Copy exactly the lines of the material below that fall between the line with "Installation artistique éphémère" and the line with "반면 3~8개월 시점에는", both of those lines included; pictures stay out.

__Data in this exercise__:
= Beginning of Section =
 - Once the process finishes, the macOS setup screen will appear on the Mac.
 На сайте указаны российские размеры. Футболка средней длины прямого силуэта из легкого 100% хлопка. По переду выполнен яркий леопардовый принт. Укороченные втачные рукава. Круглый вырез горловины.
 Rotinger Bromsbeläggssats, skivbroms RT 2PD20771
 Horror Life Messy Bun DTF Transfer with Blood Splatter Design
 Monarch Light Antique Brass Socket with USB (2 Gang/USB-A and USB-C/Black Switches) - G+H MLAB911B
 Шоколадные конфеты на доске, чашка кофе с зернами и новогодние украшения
= End of Section =
= Beginning of Section =
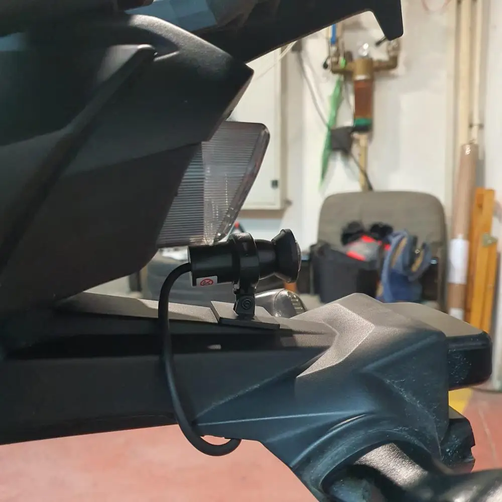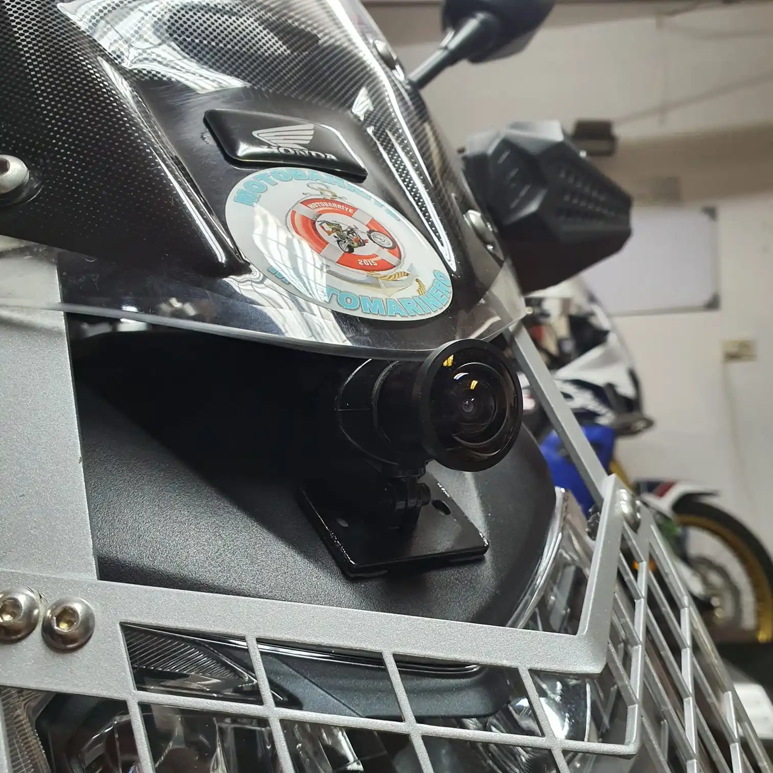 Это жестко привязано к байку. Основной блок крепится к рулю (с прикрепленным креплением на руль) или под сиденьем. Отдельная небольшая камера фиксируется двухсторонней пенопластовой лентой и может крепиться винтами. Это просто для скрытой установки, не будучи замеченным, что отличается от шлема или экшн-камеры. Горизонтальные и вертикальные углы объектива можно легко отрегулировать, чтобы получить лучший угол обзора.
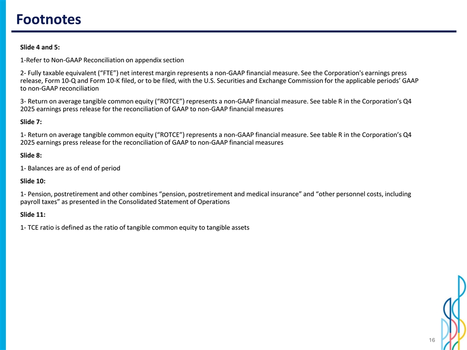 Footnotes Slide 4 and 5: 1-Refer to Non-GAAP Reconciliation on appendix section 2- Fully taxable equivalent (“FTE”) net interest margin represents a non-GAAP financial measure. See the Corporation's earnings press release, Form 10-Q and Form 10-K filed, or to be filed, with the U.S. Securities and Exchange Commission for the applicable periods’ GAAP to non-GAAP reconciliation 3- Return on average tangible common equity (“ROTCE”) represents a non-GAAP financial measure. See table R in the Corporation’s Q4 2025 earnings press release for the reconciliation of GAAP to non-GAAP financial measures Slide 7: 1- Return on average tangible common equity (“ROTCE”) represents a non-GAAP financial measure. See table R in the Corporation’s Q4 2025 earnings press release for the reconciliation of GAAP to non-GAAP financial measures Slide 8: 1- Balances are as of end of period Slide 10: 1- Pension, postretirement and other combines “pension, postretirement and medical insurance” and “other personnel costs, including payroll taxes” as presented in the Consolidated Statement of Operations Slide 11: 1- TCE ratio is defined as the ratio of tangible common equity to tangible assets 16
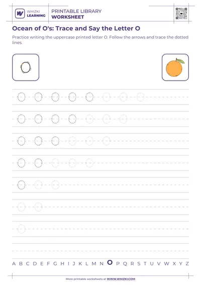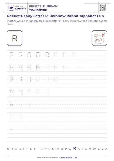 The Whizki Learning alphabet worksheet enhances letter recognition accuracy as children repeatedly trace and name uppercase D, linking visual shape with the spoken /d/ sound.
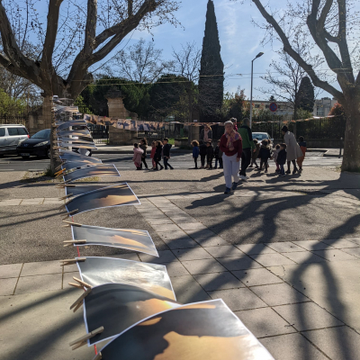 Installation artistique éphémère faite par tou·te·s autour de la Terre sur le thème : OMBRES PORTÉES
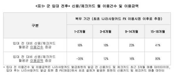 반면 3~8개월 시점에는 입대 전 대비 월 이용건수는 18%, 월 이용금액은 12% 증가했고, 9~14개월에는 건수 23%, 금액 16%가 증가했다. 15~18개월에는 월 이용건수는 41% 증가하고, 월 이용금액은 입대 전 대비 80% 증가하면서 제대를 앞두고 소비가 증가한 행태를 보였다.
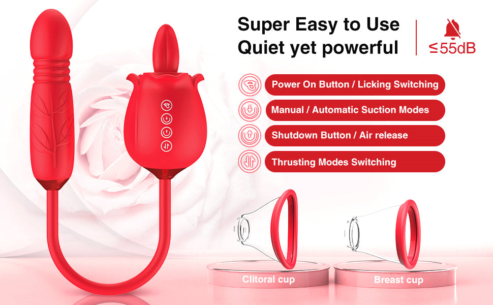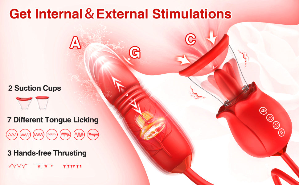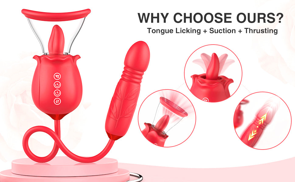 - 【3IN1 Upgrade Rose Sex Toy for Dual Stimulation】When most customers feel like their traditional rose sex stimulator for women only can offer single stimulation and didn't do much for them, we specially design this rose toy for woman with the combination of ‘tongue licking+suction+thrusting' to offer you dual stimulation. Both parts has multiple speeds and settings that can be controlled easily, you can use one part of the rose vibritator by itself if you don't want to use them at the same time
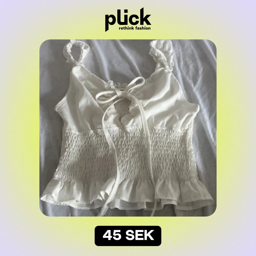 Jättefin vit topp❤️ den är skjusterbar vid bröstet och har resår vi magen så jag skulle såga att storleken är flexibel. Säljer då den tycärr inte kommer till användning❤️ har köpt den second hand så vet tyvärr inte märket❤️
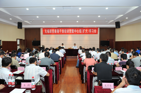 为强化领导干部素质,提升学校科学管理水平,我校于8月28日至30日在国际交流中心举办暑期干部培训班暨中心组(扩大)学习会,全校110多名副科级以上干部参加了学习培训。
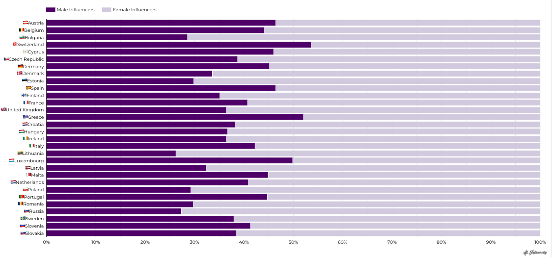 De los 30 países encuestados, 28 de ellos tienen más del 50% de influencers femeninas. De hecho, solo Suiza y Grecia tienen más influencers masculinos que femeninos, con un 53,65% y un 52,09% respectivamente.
= End of Section =
= Beginning of Section =
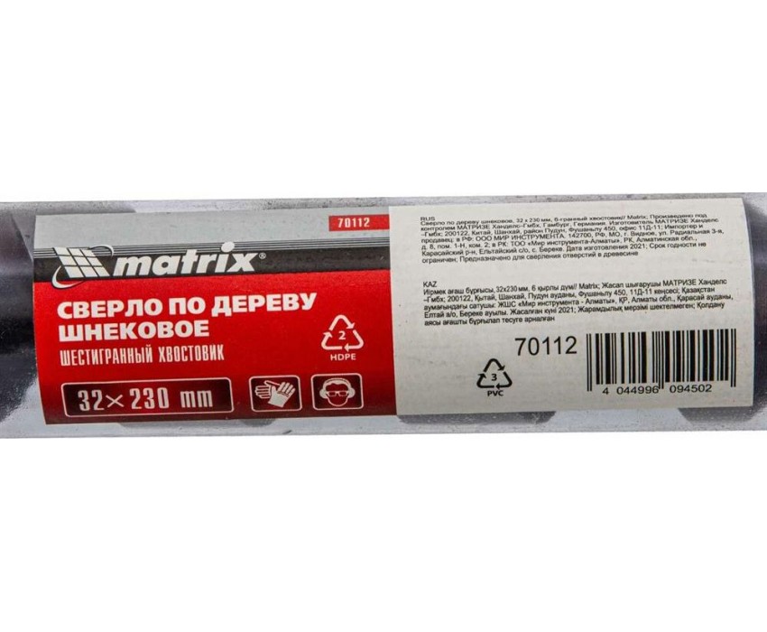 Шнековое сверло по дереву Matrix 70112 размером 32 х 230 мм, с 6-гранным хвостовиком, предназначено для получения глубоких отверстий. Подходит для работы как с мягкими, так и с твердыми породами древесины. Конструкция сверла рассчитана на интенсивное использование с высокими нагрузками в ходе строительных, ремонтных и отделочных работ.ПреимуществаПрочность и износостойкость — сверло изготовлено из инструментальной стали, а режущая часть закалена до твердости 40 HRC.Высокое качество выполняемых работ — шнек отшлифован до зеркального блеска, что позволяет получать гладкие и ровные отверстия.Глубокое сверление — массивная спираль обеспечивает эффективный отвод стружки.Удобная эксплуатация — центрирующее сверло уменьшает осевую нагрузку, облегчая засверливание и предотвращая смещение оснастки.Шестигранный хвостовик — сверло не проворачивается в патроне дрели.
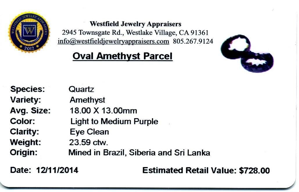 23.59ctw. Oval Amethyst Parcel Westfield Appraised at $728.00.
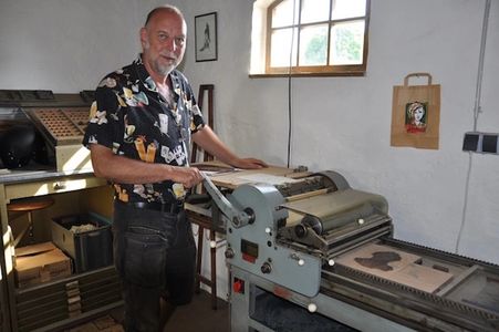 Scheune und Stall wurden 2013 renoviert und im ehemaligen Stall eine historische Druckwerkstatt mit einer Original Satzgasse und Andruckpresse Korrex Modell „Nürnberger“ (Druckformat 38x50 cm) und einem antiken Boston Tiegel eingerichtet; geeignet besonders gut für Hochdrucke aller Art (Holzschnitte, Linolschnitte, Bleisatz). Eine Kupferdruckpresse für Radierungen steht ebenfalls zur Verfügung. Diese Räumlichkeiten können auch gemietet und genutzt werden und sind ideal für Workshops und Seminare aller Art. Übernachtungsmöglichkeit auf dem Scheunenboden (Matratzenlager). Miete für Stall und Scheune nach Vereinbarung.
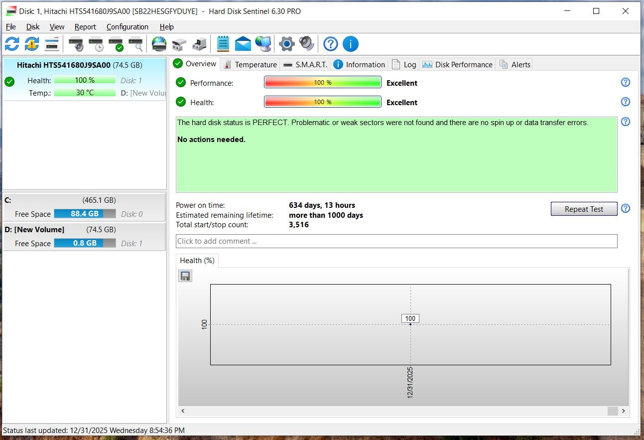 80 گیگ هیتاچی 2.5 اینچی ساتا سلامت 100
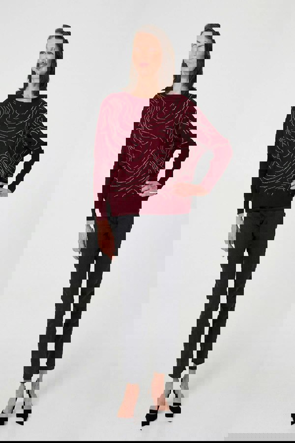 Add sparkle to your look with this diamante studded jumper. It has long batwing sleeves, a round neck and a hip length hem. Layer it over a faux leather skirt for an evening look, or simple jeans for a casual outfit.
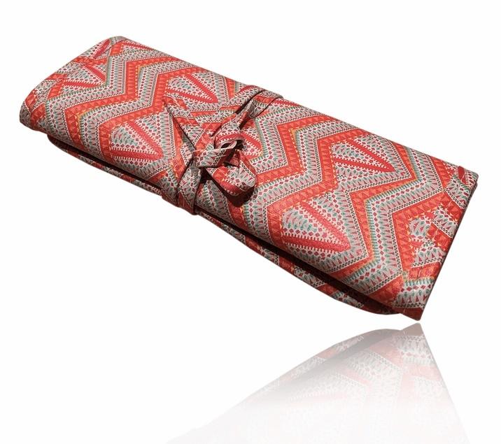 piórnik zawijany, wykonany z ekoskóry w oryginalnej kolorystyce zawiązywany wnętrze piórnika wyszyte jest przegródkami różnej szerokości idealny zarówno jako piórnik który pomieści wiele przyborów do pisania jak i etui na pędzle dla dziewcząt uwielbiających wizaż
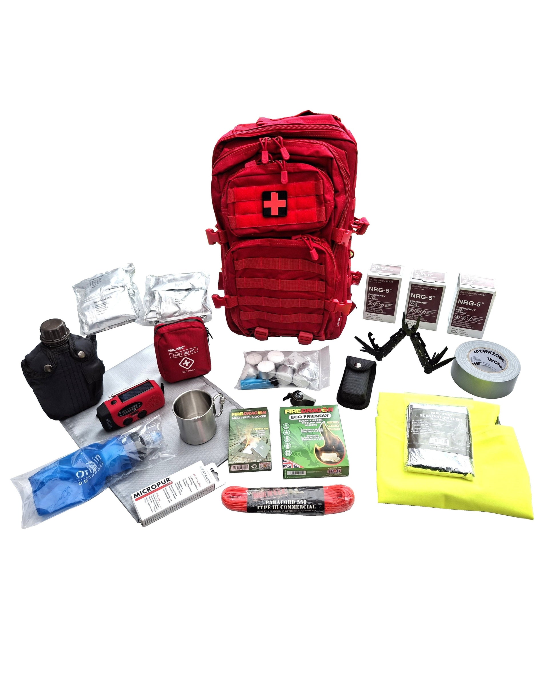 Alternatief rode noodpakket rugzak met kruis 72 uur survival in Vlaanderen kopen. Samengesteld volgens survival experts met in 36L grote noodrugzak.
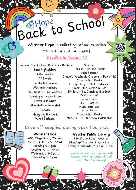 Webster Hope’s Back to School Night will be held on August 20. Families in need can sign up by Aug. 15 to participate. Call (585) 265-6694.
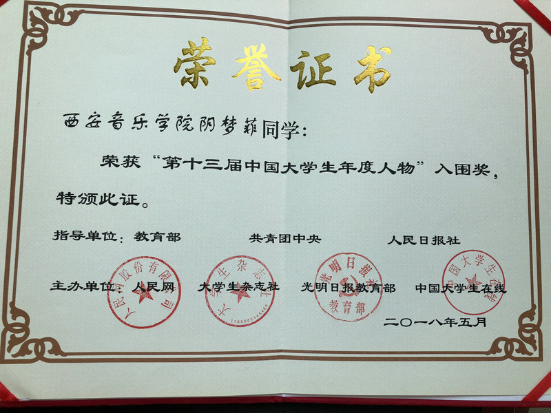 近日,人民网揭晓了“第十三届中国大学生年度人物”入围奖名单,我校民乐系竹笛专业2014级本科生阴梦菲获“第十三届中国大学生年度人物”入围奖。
= End of Section =
__Answer__:
 Installation artistique éphémère faite par tou·te·s autour de la Terre sur le thème : OMBRES PORTÉES
 반면 3~8개월 시점에는 입대 전 대비 월 이용건수는 18%, 월 이용금액은 12% 증가했고, 9~14개월에는 건수 23%, 금액 16%가 증가했다. 15~18개월에는 월 이용건수는 41% 증가하고, 월 이용금액은 입대 전 대비 80% 증가하면서 제대를 앞두고 소비가 증가한 행태를 보였다.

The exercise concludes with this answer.